The Dow Theory
"We see the same patterns occur over and over again!"
-------------------------------------------------------------------------------
--------------------------------------------------
We see the same patterns over and over again!
That's the common pronouncement from technical analysts. And technical analysis (as distinguished from fundamental analysis) is the foundation of Dow Theory.
---------------------------------------------
Many factors go into determining market prices, but the bottom line for the chartist is the price at which buyer and seller get together for a trade. "This is the only figure that counts," say the technicians.
The argument is that all relevant factors are in the price behavior. The price patterns alone reveal the state of mind of traders. For example, charts can tell you when smart money is accumulating stocks and when the uninformed are buying.
It follows that the future is in the charts! Not the stars but the unfolding patterns of price form the basis for predicting what will happen next. The charts and the time series they project thus become the working tools of the technical analyst. It is also the basis for the Dow theory.
-----------------------------------------------
Volume is another important factor of charts. According to Edwards and McGee, volume is a vital part of the picture and itself forms patterns, just as the price component does.
The two go together and each must conform to the requirements of the case. But note also that volume is relative. When we speak of high volume, we mean a rate of trading notably greater than has been customary in that particular stock during the previous period under examination.
---------------------------------------------
The significance of charts for the Dow Theory is that prices can form topping and bottoming patterns (distribution and accumulation patterns), like head and shoulders tops and inverse head and shoulder bottoms.

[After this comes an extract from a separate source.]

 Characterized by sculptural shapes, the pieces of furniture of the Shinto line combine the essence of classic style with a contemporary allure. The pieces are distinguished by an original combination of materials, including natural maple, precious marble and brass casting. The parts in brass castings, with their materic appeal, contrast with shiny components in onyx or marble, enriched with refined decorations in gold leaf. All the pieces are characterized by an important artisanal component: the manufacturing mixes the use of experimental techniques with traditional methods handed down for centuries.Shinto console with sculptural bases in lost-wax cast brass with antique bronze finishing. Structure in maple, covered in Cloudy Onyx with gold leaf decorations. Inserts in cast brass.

The formations can occur for market averages as well as for individual stocks. It's this fact that uniquely identifies Dow Theory. The theory uses the Dow 30 Industrials average and the Dow Transportation average as the basis for its judgments, and it draws its conclusion from their joint performance.

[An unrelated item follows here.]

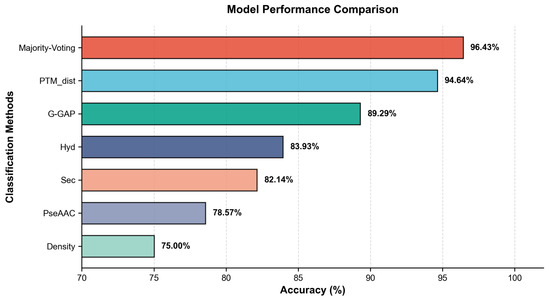 According to Figure 5, our ensemble model, Majority Voting, delivers the highest accuracy (96.43%), indicating that aggregating heterogeneous predictors effectively exploits complementary error patterns and yields robust generalization. The comparative baselines, G-GAP () and PseAAC (), trail substantially: G-GAP captures some residue-order correlations but lacks sufficient contextual breadth, while PseAAC’s coarse compositional encoding proves least informative. The pronounced margin over both baselines underscores the advantage of our ensemble integration strategy.

The key is this: If the Dow 30 comes off a recent high in a bull market and drops below the last previous low, and the Transportation average does the same thing with its own new low, then the market is said to have entered a major bear phase.
Say for example, the Dow forms a head & shoulders pattern and breaks down from it, meaning the price drops below its "neckline," and the transportation average follows by doing the same thing. This confirms a new, bearish trend. (Edwards and McGee, and others, give many examples of many different price patterns.)
The order isn't relevant. The Transportation index could be first to go. This was the situation in a recent market, because the Dow 30 confirmed an earlier Transportation low, according to the Dow theorists.